◆ Try it
Starting at the first line of the material below, retype each line exactly until you reach the line with "directory-path] [Xt-options] [target]", which is also included; pictures stay out.

◆ Entries provided
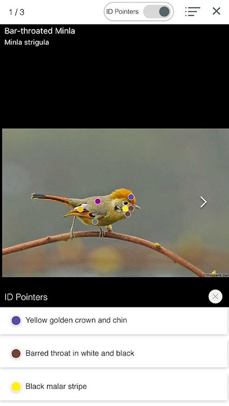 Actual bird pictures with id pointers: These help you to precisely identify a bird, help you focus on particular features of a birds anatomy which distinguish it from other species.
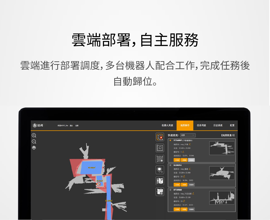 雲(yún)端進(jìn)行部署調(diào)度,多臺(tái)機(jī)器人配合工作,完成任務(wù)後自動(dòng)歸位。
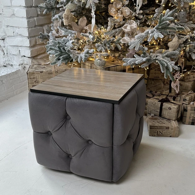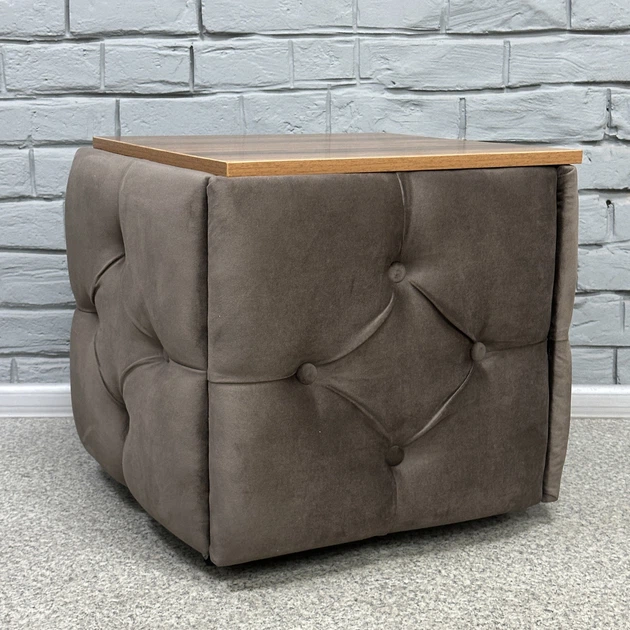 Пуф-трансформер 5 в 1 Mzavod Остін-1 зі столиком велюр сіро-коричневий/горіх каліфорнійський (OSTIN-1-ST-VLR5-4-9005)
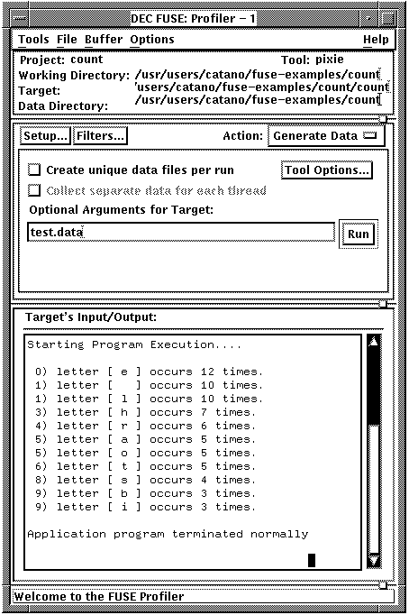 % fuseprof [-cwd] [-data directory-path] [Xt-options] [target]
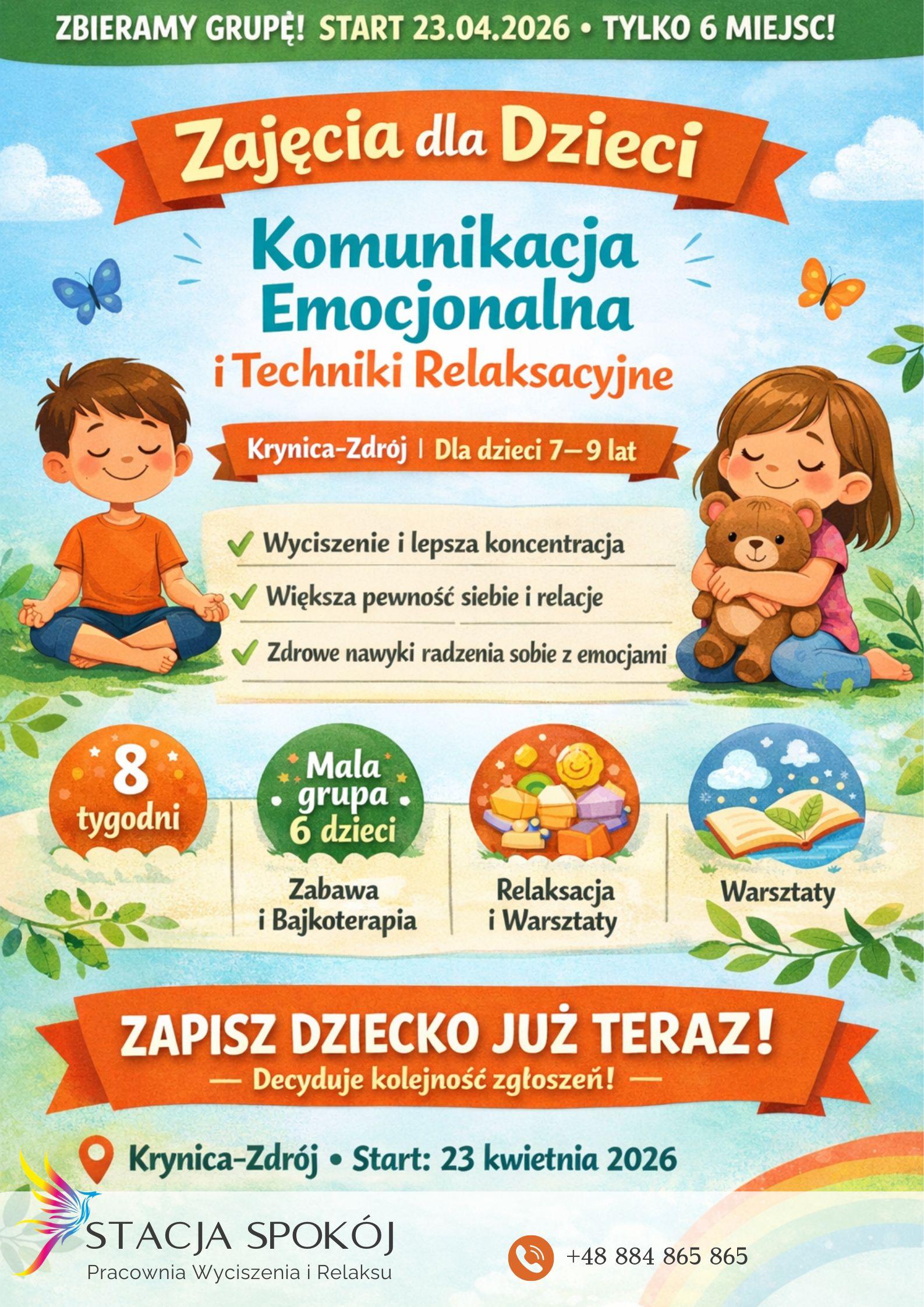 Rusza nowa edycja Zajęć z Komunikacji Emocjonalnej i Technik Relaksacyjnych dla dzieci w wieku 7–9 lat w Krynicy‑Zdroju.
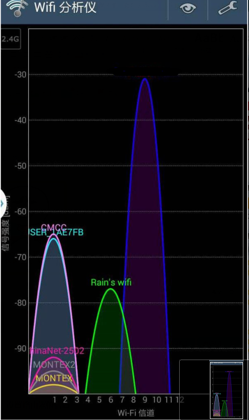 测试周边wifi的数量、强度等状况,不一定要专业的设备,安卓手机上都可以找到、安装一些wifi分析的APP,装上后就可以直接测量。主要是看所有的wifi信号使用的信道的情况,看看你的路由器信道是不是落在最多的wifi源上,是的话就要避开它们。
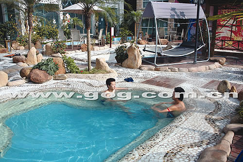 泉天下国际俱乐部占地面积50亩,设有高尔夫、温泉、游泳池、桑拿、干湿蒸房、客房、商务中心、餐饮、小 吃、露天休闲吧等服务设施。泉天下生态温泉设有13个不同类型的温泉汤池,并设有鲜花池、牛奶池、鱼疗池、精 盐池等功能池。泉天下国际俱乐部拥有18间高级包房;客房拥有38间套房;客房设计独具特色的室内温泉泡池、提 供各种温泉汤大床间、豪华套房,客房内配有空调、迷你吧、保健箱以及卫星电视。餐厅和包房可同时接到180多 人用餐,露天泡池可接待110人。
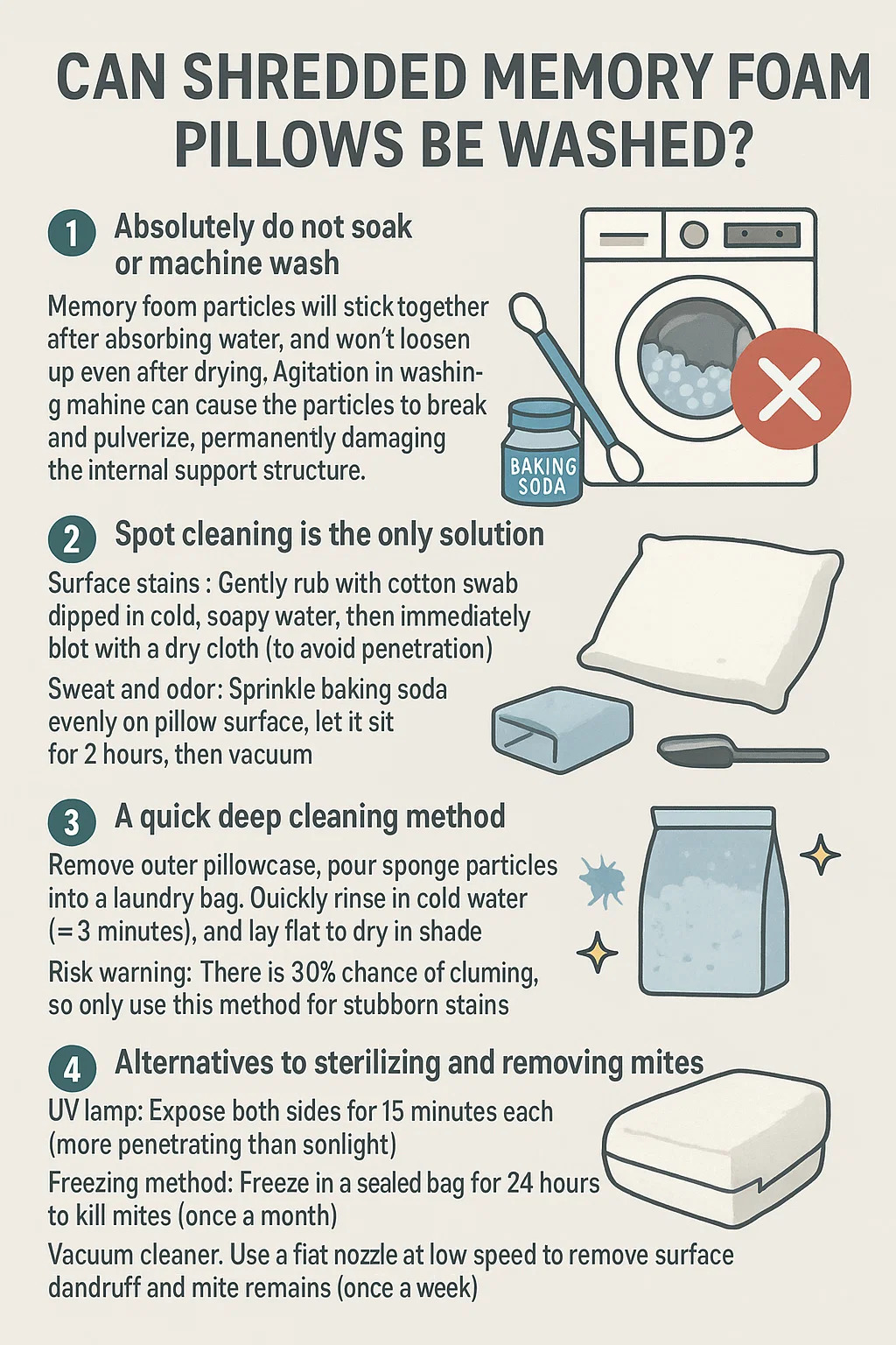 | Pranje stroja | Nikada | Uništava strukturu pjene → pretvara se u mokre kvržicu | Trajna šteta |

◆ Solved exercise
 Actual bird pictures with id pointers: These help you to precisely identify a bird, help you focus on particular features of a birds anatomy which distinguish it from other species.
 雲(yún)端進(jìn)行部署調(diào)度,多臺(tái)機(jī)器人配合工作,完成任務(wù)後自動(dòng)歸位。
 Пуф-трансформер 5 в 1 Mzavod Остін-1 зі столиком велюр сіро-коричневий/горіх каліфорнійський (OSTIN-1-ST-VLR5-4-9005)
 % fuseprof [-cwd] [-data directory-path] [Xt-options] [target]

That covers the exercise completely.